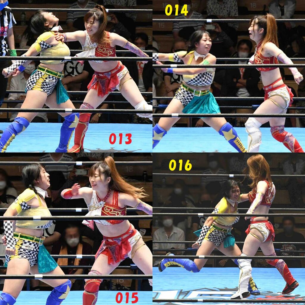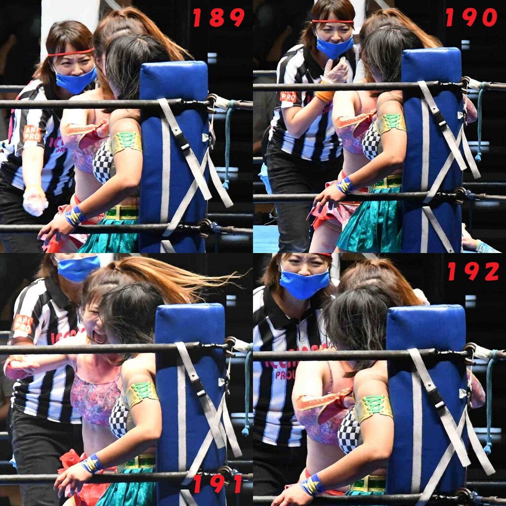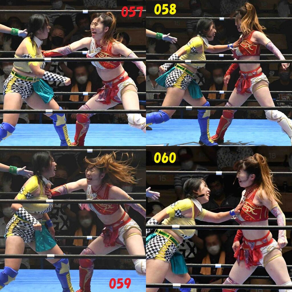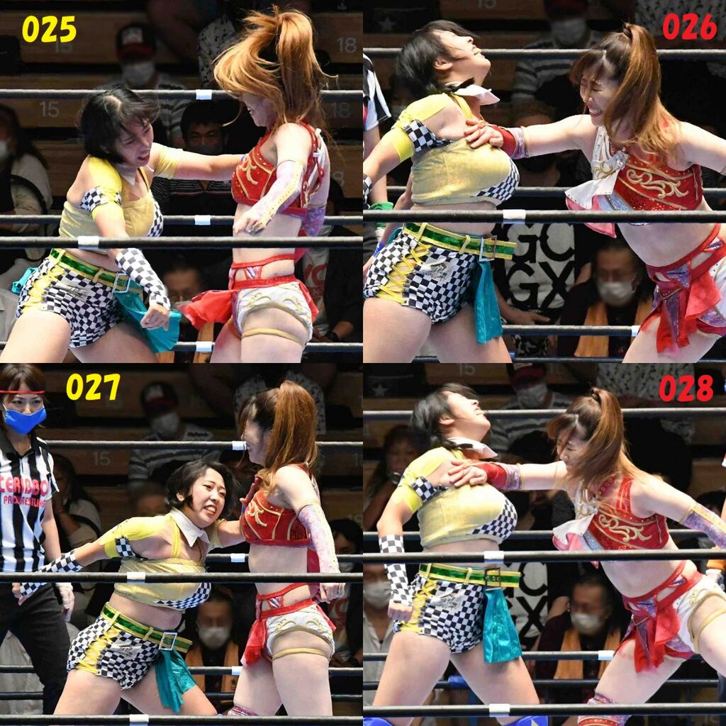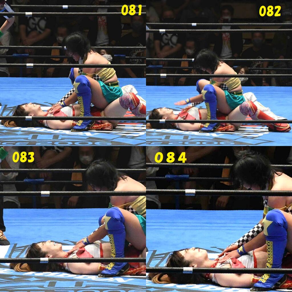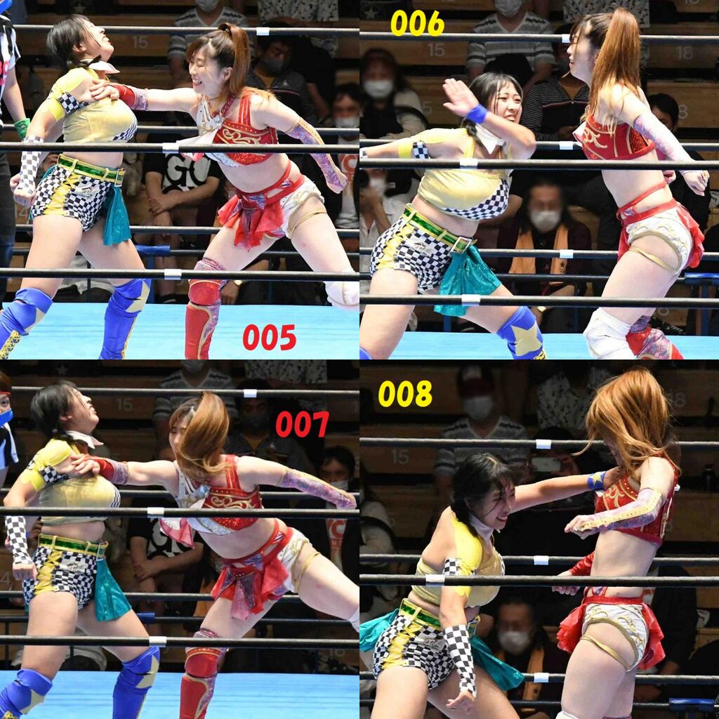 ✋藤本 vs いぶきのチョップ合戦、ほとんど見せます✋ 2021年09月21日 リボンの騎士たち2021での藤本つかさ vs 星いぶき、そのチョップ合戦だけをまとめました。週プロの記事に「合計240発超のチョップ合戦」とあったので、「ほとんど見せます」と言っていいのではないかと。マシンガンチョップには確実に撮り逃しがあります。あまりにも速すぎてシャッターが追いつかなかった!1本の記事で一気に見せたかったので、4発を1枚にまとめています。最初は1発1枚で載せようと思ったんだけど、さすがに膨大すぎでヽ(・ω・;)ノ写真中の数字は推定の合計数。赤=藤本つかさ黄=星いぶきのチョップ。試合後のチョップのみ、2人とも白としています。では一気に御覧ください!最高の試合をありがとう! 「藤本つかさ」カテゴリの最新記事 < 前の記事次の記事 > コメント コメントフォーム 名前 コメント 評価する リセット リセット 顔 星 投稿する 情報を記憶
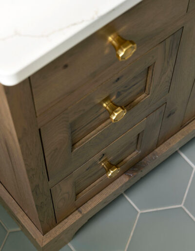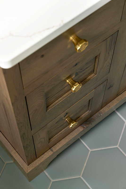 To bring that story to life, the designer removed the soffit to raise the shower ceiling and shortened the shower plumbing wall to make room for a full-depth vanity. A smaller 30″ tub and re-imagined layout preserved circulation while allowing the addition of custom inset cabinetry in rustic alder with a rich Acorn stain. The old linen closet was replaced with a tall storage cabinet featuring roll-out shelves for easy access.
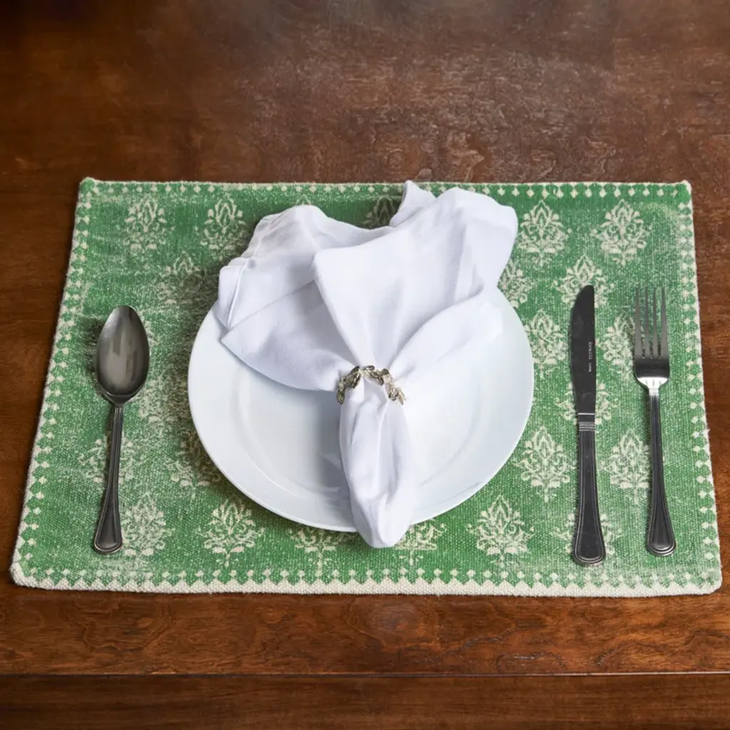 Add a touch of geometric flair to your dining table with this set of four handcrafted cotton placemats. The rectangle shape and eye-catching pattern bring a modern twist to your mealtime gatherings. Not only do these placemats offer water and stain resistance, but they're also iron-safe for easy upkeep. For best results, we recommend hand washing or spot cleaning when needed. So, go ahead and enjoy those delightful dinners without worrying about spills and stains!

*ACTION ITEM:*
Word for word, restate the lines from the line containing "To bring that" through the end of the data, including the first and last of them. Pictures stay out.

*PROBLEM SOLUTION:*
 To bring that story to life, the designer removed the soffit to raise the shower ceiling and shortened the shower plumbing wall to make room for a full-depth vanity. A smaller 30″ tub and re-imagined layout preserved circulation while allowing the addition of custom inset cabinetry in rustic alder with a rich Acorn stain. The old linen closet was replaced with a tall storage cabinet featuring roll-out shelves for easy access.
 Add a touch of geometric flair to your dining table with this set of four handcrafted cotton placemats. The rectangle shape and eye-catching pattern bring a modern twist to your mealtime gatherings. Not only do these placemats offer water and stain resistance, but they're also iron-safe for easy upkeep. For best results, we recommend hand washing or spot cleaning when needed. So, go ahead and enjoy those delightful dinners without worrying about spills and stains!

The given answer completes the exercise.